Abstract:Recent advancements in multivariate time series forecasting have been propelled by Linear-based, Transformer-based, and Convolution-based models, with Transformer-based architectures gaining prominence for their efficacy in temporal and cross-channel mixing. More recently, Mamba, a state space model, has emerged with robust sequence and feature mixing capabilities. However, the suitability of the vanilla Mamba design for time series forecasting remains an open question, particularly due to its inadequate handling of cross-channel dependencies. Capturing cross-channel dependencies is critical in enhancing the performance of multivariate time series prediction. Recent findings show that self-attention excels in capturing cross-channel dependencies, whereas other simpler mechanisms, such as MLP, may degrade model performance. This is counterintuitive, as MLP, being a learnable architecture, should theoretically capture both correlations and irrelevances, potentially leading to neutral or improved performance. Diving into the self-attention mechanism, we attribute the observed degradation in MLP performance to its lack of data dependence and global receptive field, which result in MLP's lack of generalization ability. Based on the above insights, we introduce a refined Mamba variant tailored for time series forecasting. Our proposed model, \textbf{CMamba}, incorporates a modified Mamba (M-Mamba) module for temporal dependencies modeling, a global data-dependent MLP (GDD-MLP) to effectively capture cross-channel dependencies, and a Channel Mixup mechanism to mitigate overfitting. Comprehensive experiments conducted on seven real-world datasets demonstrate the efficacy of our model in improving forecasting performance.
What problem does this paper attempt to address?
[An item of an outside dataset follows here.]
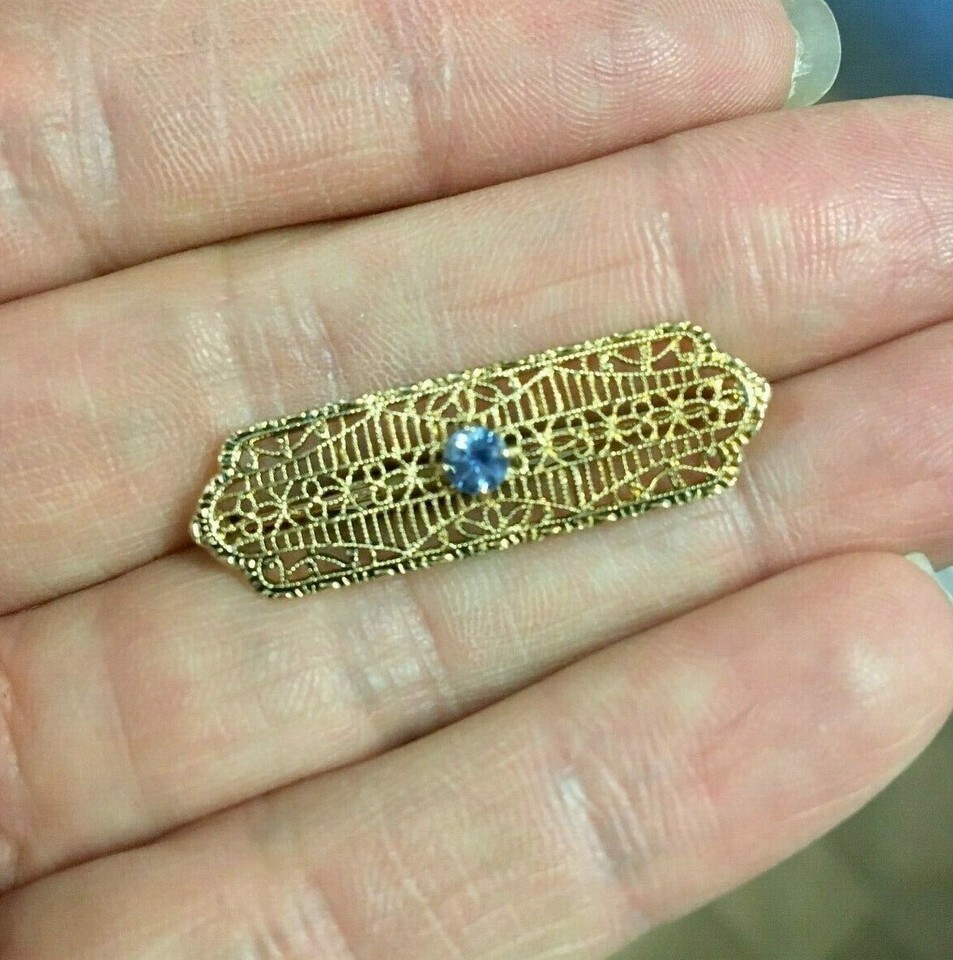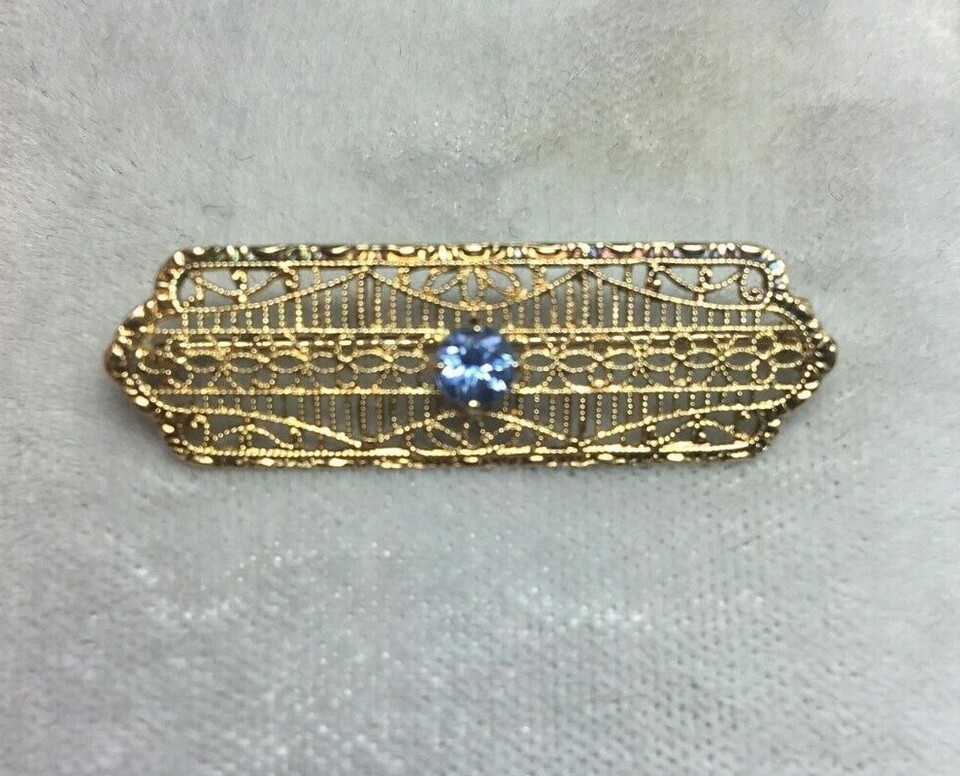 10k Yellow Gold Filigree Genuine Natural Sapphire Pin (#J5324)

The problem that this paper attempts to solve is that in multivariate time - series prediction, existing methods (such as the Mamba model) have deficiencies in handling cross - channel dependencies. Specifically, although the Mamba model performs well in sequence and feature mixing, its ability to handle cross - channel dependencies is weak, which limits its performance in multivariate time - series prediction. The paper points out that capturing cross - channel dependencies is crucial for improving the performance of multivariate time - series prediction.
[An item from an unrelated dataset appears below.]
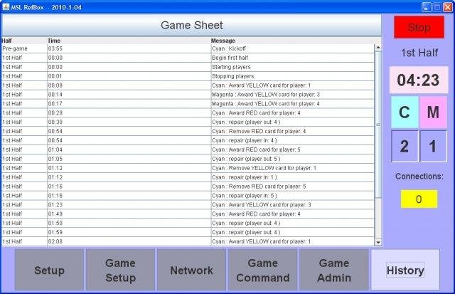 The RoboCup MSL Refbox is used for helping the referee to control a robotic soccer game (used by RoboCup Midsize league).

### Main contributions of the paper
1. **Improved Mamba module (M - Mamba)**:
- A modified version of the Mamba module (M - Mamba) is proposed for better modeling of time dependencies.
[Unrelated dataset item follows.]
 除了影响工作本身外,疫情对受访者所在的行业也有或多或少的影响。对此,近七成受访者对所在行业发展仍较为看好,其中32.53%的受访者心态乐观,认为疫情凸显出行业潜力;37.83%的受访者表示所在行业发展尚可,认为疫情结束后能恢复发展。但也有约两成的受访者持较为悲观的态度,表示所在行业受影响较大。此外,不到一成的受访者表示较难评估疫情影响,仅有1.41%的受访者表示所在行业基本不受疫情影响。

- The convolution operation and the feature - specific transfer matrix \(A\) are removed, and the skip - connection matrix \(D\) is made data - dependent.
2. **Globally data - dependent multi - layer perceptron (GDD - MLP)**:
- The GDD - MLP module is introduced to effectively capture cross - channel dependencies through data - dependent weights and biases.
- GDD - MLP endows the original MLP with the advantages of data - dependence and global receptive field.
3. **Channel mixing strategy (Channel Mixup)**:
- A channel mixing strategy is proposed. By linearly combining different channels to create virtual channels, the generalization ability of the model is enhanced and the over - fitting problem is reduced.
### Method overview
- **CMamba framework**:
- The input multivariate time - series is first processed by the channel - mixing module to generate virtual samples.
- Then, these samples are processed by instance normalization and blocking, and input into the CMamba encoder.
- The CMamba encoder consists of multiple CMamba blocks, and each block contains an M - Mamba module and a GDD - MLP module.
- Finally, the prediction results are generated through a linear layer.
### Experimental results
- **Datasets**:
- The paper conducted experiments on seven widely - used datasets: ETTm1, ETTm2, ETTh1, ETTh2, Electricity, Weather, and Traffic.
- **Baseline models**:
- Ten advanced models were selected as baselines, including linear - based models, Transformer - based models, and convolution - based models.
- **Performance comparison**:
- CMamba performs best in most settings, especially when dealing with datasets with a large number of time - series (such as Electricity, Weather, and Traffic), and its performance is comparable to or better than that of iTransformer.
- The experimental results show that the GDD - MLP module can achieve data - dependence and global receptive field comparable to those of the self - attention mechanism with a significantly reduced computational cost.
### Conclusion
By improving the Mamba model and introducing the GDD - MLP and Channel Mixup modules, the paper effectively solves the cross - channel dependency problem in multivariate time - series prediction and significantly improves the prediction performance of the model. The experimental results verify the effectiveness of these improvements and demonstrate the superior performance of CMamba in multiple practical applications.